Steve Lamacq says Music Venue Trust boss Mark Davyd 'deserves an MBE'

Steve Lamacq says Music Venue Trust boss Mark Davyd 'deserves an MBE'

Steve Lamacq has told Music Week that Music Venue Trust (MVT) boss Mark Davyd deserves an MBE for his work to save grassroots venues during the coronavirus pandemic.

Government restrictions forced the closure of all music venues in the UK back in March, plunging the grassroots sector into trouble. In April, Davyd told us it was “impossible to exaggerate” the scale of the problem as 556 of the 670 venues under the MVT faced closure.
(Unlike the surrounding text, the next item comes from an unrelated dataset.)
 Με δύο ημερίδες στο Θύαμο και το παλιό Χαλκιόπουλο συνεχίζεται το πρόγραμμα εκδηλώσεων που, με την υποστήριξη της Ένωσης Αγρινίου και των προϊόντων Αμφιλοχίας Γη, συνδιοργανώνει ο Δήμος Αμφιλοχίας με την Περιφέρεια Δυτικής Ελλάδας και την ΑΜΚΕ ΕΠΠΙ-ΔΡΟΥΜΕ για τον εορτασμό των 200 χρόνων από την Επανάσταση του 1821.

Manchester’s Deaf Institute and Gorilla were saved, while Music Week cover star Frank Turner is among many in the music industry fighting to save UK venues. The MVT carried out its own fundraising scheme and last month the government announced emergency grants as part of the Culture Recovery Fund.

“If Mark doesn’t get an MBE at the end of all of this then I shall be thoroughly annoyed, because he deserves one for services to live music,” Lamacq said.
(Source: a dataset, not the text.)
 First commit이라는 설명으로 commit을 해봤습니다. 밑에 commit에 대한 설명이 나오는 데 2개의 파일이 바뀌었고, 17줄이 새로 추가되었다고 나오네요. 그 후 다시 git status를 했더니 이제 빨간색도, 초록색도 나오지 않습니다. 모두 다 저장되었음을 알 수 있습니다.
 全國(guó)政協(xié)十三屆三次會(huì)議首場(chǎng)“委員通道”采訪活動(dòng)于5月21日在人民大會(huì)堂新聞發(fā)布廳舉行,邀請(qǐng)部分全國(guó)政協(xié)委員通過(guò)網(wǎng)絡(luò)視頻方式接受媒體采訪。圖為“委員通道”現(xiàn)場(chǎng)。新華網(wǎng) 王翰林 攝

“The MVT has been unbelievable. Mark and Beverley [Whitrick, strategy director] have been terrific, the hours they’ve been working,” the BBC Radio 6 Music DJ continued. “Even when the news of the grant money came through from the chancellor, you then have to apply for it and Mark has been holding the hands of several hundred venues through the process. He’s been brilliant.”

Lamacq is in regular contact with Davyd as an ambassador for the MVT and praised the “forensic” work the team does. “They were up for five hours going through every line of the government documents making sure no one was getting screwed over,” he said.

The DJ said that he is not acclimatising well to being unable to see live music and said it’s impacting his professional life, too.


The MVT has been unbelievable

Steve Lamacq


“It’s awful, absolutely dreadful,” said Lamacq. “I’ve never been this long without a gig since the age of 15.”

“On a professional level, I can’t find it in my heart to really endorse a band until I’ve seen them play live,” he explained. “The amount of times people like myself have been mugged off when a band sends you their one good song and you think, ‘This is the future’. Then you go along and see them and that one good song is their only good song. It’s really difficult.”

He likened the wait to play live again to “waiting for exam results” for emerging artists.

“A few new bands have arrived during lockdown and they might be really good, they could be the next Fontaines DC, the next Idles or the next Sleaford Mods, but we just don’t know,” he said. “They’ve done the thing, but they haven’t had the result through the post yet.”

Lamacq discussed the future of indie venues on hi 6 Music show yesterday (September 10) and told Music Week it’s “important to bring these stories to air”.

“Even I didn’t realise how much money it costs to keep 600+ grassroots venues going, and if I don’t realise then I’m sure the audience don’t, and it’s not their fault,” he said. “Until you actually say, ‘These are the costs, if you add this business rate to this rent, to this, then this is how much it takes to keep even your local pub open for live music’. That’s the point we have to hit home.”